張力は常に一定ではなく、動きや姿勢に応じて微妙に変化します。筋肉はその調整役であり、必要に応じて収縮を強めたり緩めたりして、身体全体の張りをちょうどよく保ちます。適度な張力が整うと、力は筋肉だけでなく、腱や筋膜といった体をつなぐ組織にも広がり、動きが滑らかになり、衝撃を吸収しやすくなります。

もちろん筋肉は「動きを生み出す力」でもあります。しかし、単独で働くのではなく、張力のネットワークを介して全身に力を伝えることで、効率よく動けるのです。張力が整っていれば、筋肉は力みすぎず、しなやかに働けます。
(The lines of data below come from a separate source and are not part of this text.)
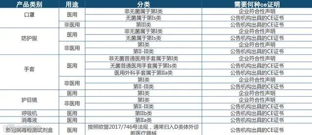 (各类防疫物资所需CE证明明细表)
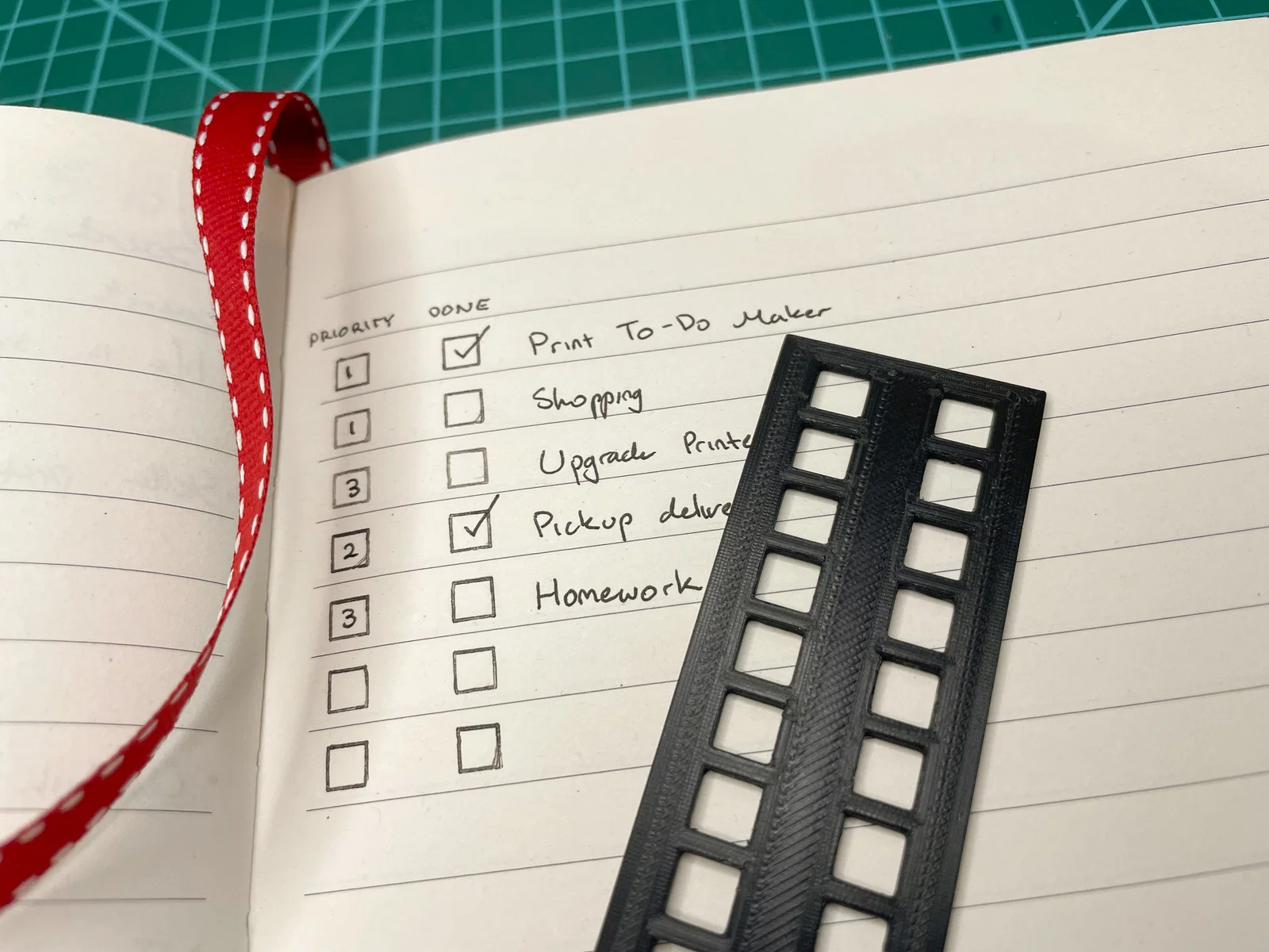Một lưới 2x10 gồm các ô vuông để dùng làm stencil kẻ danh sách việc cần làm (to do list) trên giấy có khoảng cách dòng 8mm. Model có thể scale để phù hợp với các khoảng cách dòng khác nhau. Thiết kế hai cột cho phép bạn kết hợp ô tick, danh sách ưu tiên, nhóm công việc hoặc mã màu.
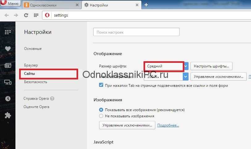 - Выбрать раздел «Настройки». Переходим на вкладку «Сайты», где можно увеличить как размер страницы в целом, так и только величину шрифта.
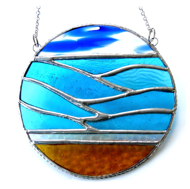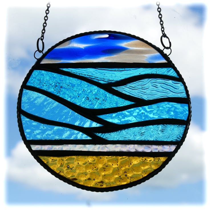 I've used the same elements of a golden sandy beach, a line of iridescent crystal waves under pretty turquoise waves. For this version the sky is bright blue with scudding white clouds. Perfect for a day at the seaside.
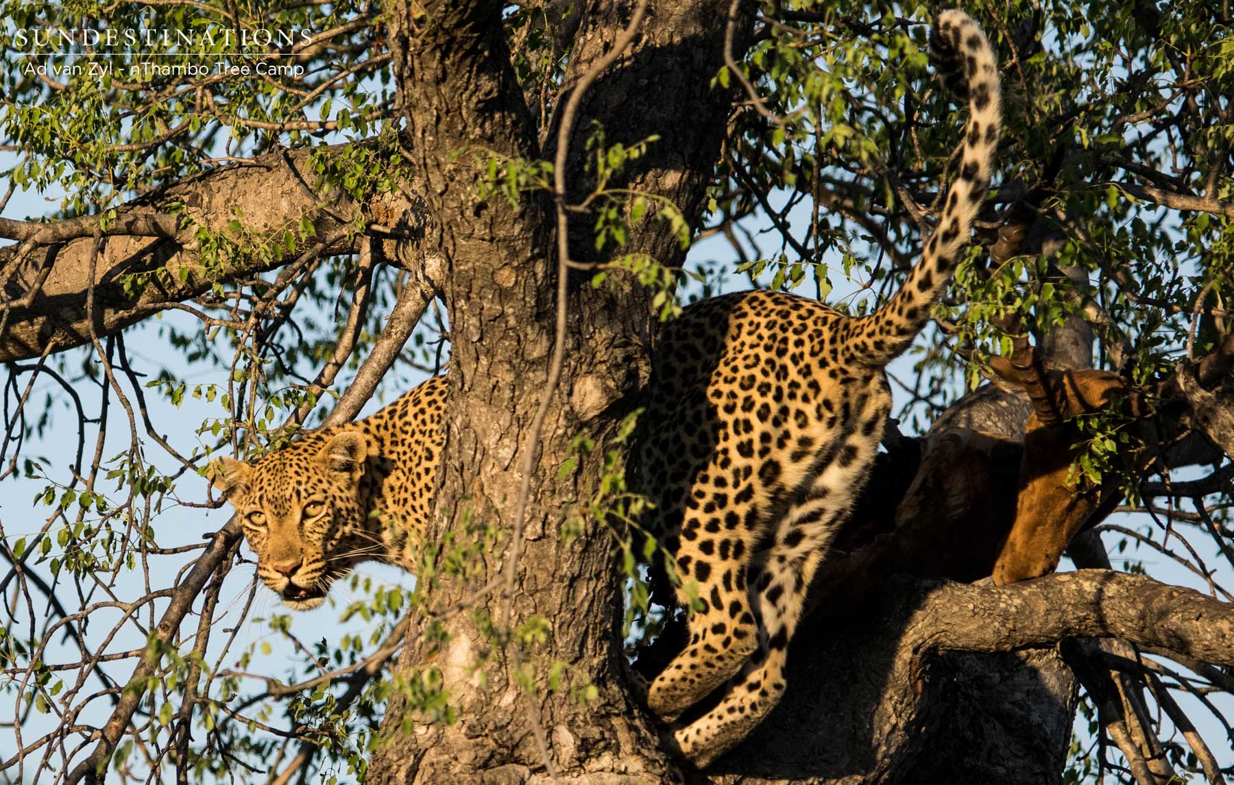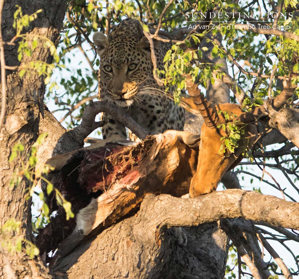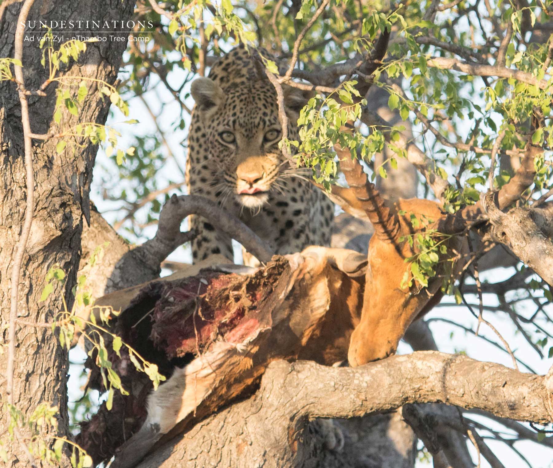 Once the kill has been made, a leopard will need to drag its prey to safety before the scavengers and other predators get wind of the fresh meal. They will normally hoist their kill high up in the tree, or hide it in dense bushes. Leopards can be opportunistic and will steal prey, provided the conditions are non-threatening – leopards are not normally confrontational.
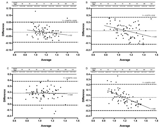 Univariate and multivariate outliers and skewness and kurtosis analyses were performed to determine if the data were normally distributed. Data were analyzed using SPSS 24.0 (IBM, New York, NY, USA) and a custom-built spreadsheet (Microsoft Excel, Microsoft, Albuquerque, NM, USA) [30]. The validity of the experimental devices was assessed against the criterion measure using LPR, expressed as an R2 value, in conjunction with 95% confidence intervals (CI) of the slope and intercept to assess fixed and proportional bias [8,15,31,32]. Moreover, 95% limits of agreement (LOA) were used to assess for systematic bias between the criterion and the other devices. Inter-day and intra-device reliability were analyzed using a combination of TE and CV.
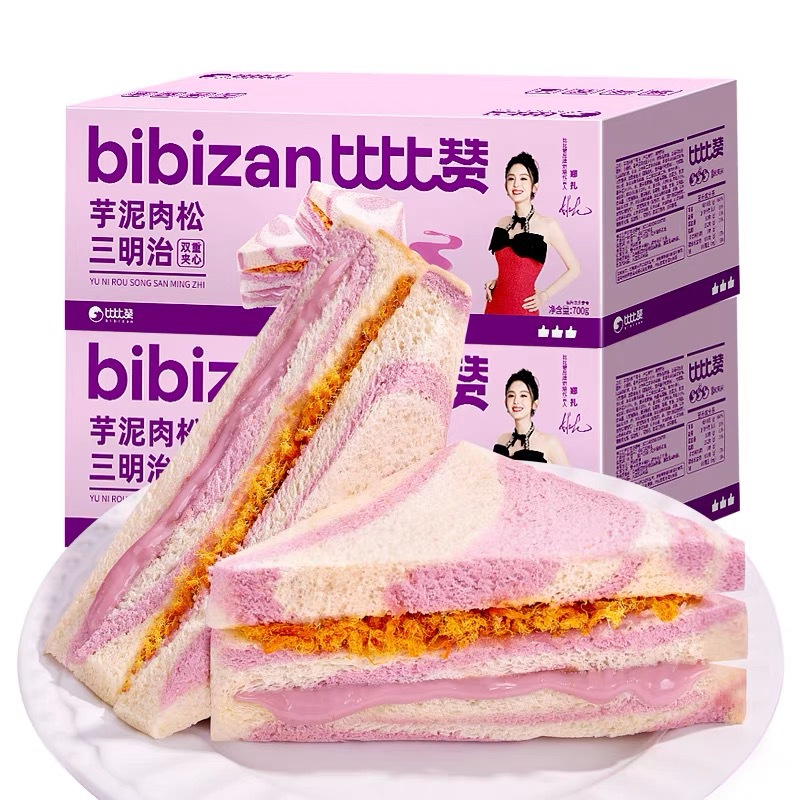 比賛虹芋泥肉松サンドイッチパン箱箱朝食無辺トースト間食レジャー食品軽食
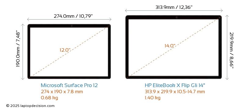 USB EliteBook X Flip G1i 14" is equipped with 1x USB 3.2 USB-A ports. Surface Pro 12 does not have USB-A ports.Both Surface Pro 12 and EliteBook X Flip G1i 14" have USB Type-C ports. Surface Pro 12 has 2x USB 4.0 USB Type-C ports, while EliteBook X Flip G1i 14" has 3x USB 4.0 USB Type-C ports.
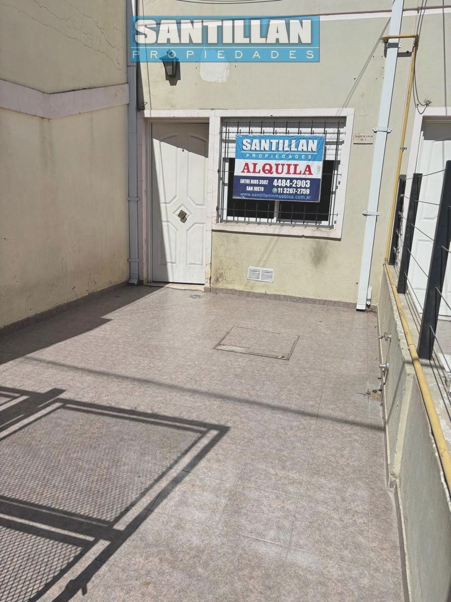 Código 484-1056 | Cómodo dúplex de tres ambientes con cochera en San Justo, sobre calle Nazca casi Berón de Astrada, a 1 y 1/2 cuadra de Avda. J.M. Rosas (Ruta 3). En PB: Cochera/patio, Living comedor con espacio de cocina integrado, baño completo y patio trasero con lavadero. En PA: Dormitorio principal con placard, segundo dormitorio con pequeño placard, y espacioso altillo para usos múltiples. Toilette. Sin mascotas. No paga expensas. Se requiere recibo de sueldo del inquilino y garantía propietaria. En caso de no contar con garantía propietaria, pueden aceptarse tres garantes con recibos de sueldos acordes. Contrato por dos años. Incremento trimestral s/I.P.C. PARA MAYOR INFORMACIÓN Y/O COORDINAR VISITAS: COMUNICARSE TELEFÓNICAMENTE CON LA INMOBILIARIA.
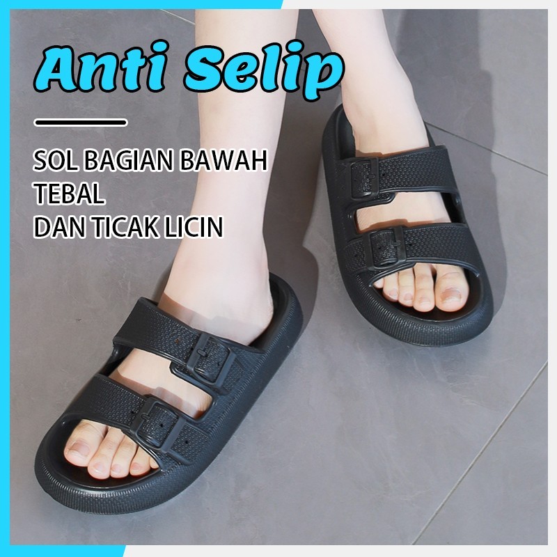 Sandal karet wanita gesper terbaru 2025 Sendal jelly kasual wanita kekinian Sandal slop cewek import anti slip soft slipper
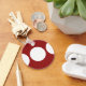 This bold geometric pattern features a large white dot in the centre and two white half circles on the edges of a red background.
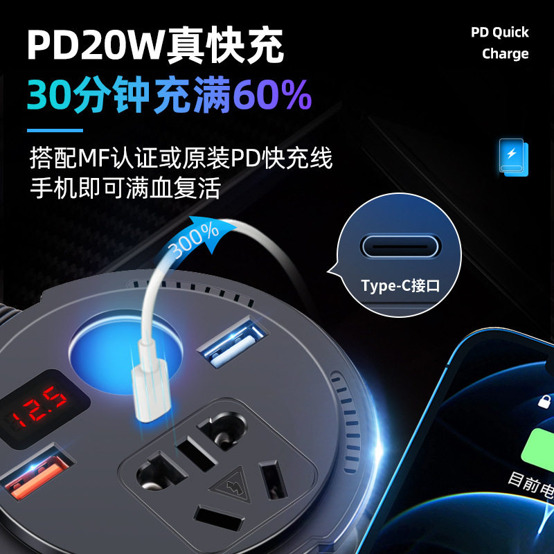 车载充电器12V12V转220V电源转换器汽车用多功能PD快充插座逆变器
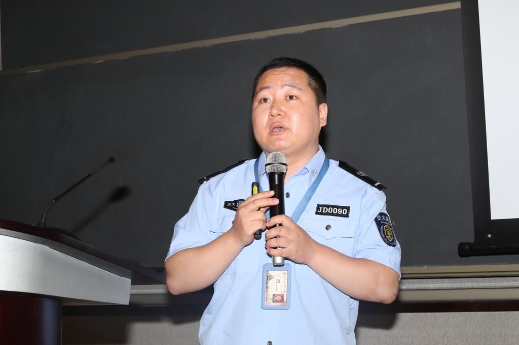 保卫处常帅老师做安全专题教育,包括校园安全和电信诈骗等多个主题。
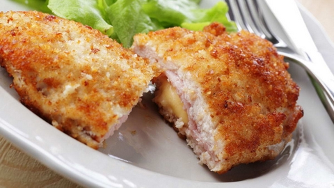 نقلي قطعة الدجاج بالزيت النباتي حتى تصبح بلون بني مقرمش، ثم نصفيها على ورق مطبخ.
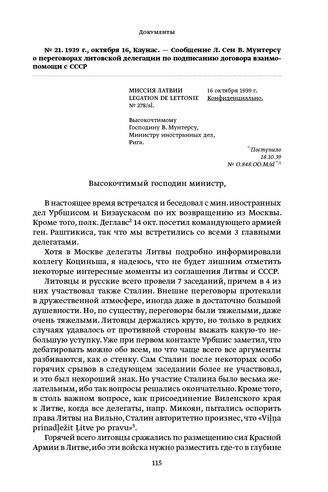 1939 г., октября 16, Каунас. — Сообщение Л. Сеи В. Мунтерсу о переговорах литовской делегации по подписанию договора взаимопомощи с СССР // ГИАЛ. Ф. 2574. Оп. 2. Д. 7390. Л. 272-275. Машинопись. Оригинал. Лат. яз.
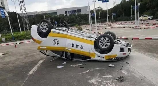 2018年9月25日,广东珠海某科目二考场,一考生在坡道停车后,因下坡踩油门撞倒灯柱后翻车。

このように、筋肉は単なる「力を出す器官」ではなく、張力を整え、力を全身に伝え、身体に余裕を生み出す装置でもあります。その働きによって、硬く力むことなく、柔軟で効率的な動きが可能になるのです。

ピラティスでも、この視点を大切にしています。筋肉を単に「鍛える」だけではなく、「どのように張力を生み出し、それを全身に広げるか」を意識することで、力みに頼らず、安定して効率的に動ける身体をつくることができます。